Chapter 26
Dej and Kir reached the clanless camp late the next afternoon. At the top of a wide defile cut by a tumbling stream, so steep they had to dismount, the path opened out into a shallow bowl surrounded by mountains. Huts clustered round the stream, built of rough-piled stone with ragged thatched roofs and no windows.
As Dej and Kir dismounted, three figures strode out from the biggest, central hut. Or rather two strode; the third, whom they flanked, moved in a tight, efficient hobble, leaning on a stick. Dej was shocked: an animus kept you healthy, even healing broken bones. But these were the clanless.

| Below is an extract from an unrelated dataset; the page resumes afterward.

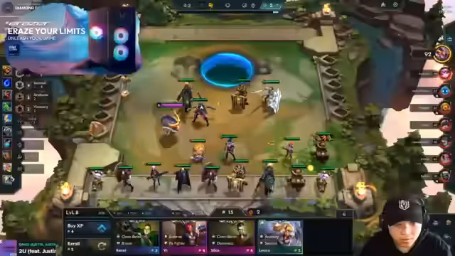 00:28:08Während des Streams werden konkrete Gameplay-Entscheidungen für verschiedene Kombinationen (Comps) erörtert. Der Streamer entscheidet sich für einen Build mit Mundo als Frontline und Urgath/ Zyra als Carry. Er identifiziert die Notwendigkeit eines zweiten Watchers und rollt aktiv nach LeBlanc, um die Synergie zu vervollständigen. Nachdem er Schwierigkeiten hat, die richtigen Einheiten zu finden, passt er seinen Plan an, indem er Elise als Frontline einsetzt und die Items auf Swain verteilt, um eine tragfähige Kombination zu bilden und zu stabilisieren.

“Go meet her,” murmured Kir. Leaving Kir with the beast, Dej went forward. As she did so more people emerged, staring at her. She made herself walk tall and slow. The woman flanked by the guards was old. With no hair and skin that didn’t wrinkle it was hard to tell, but something about her jarred Dej’s new senses. The crèche taught that a bonded skykin lived life to the full, then passed on their animus and died, before the infirmities of old age set in. This woman could not have long to live.
Dej wondered if she was expected to make some gesture of respect, and settled on bowing her head, then waiting for the old woman to speak.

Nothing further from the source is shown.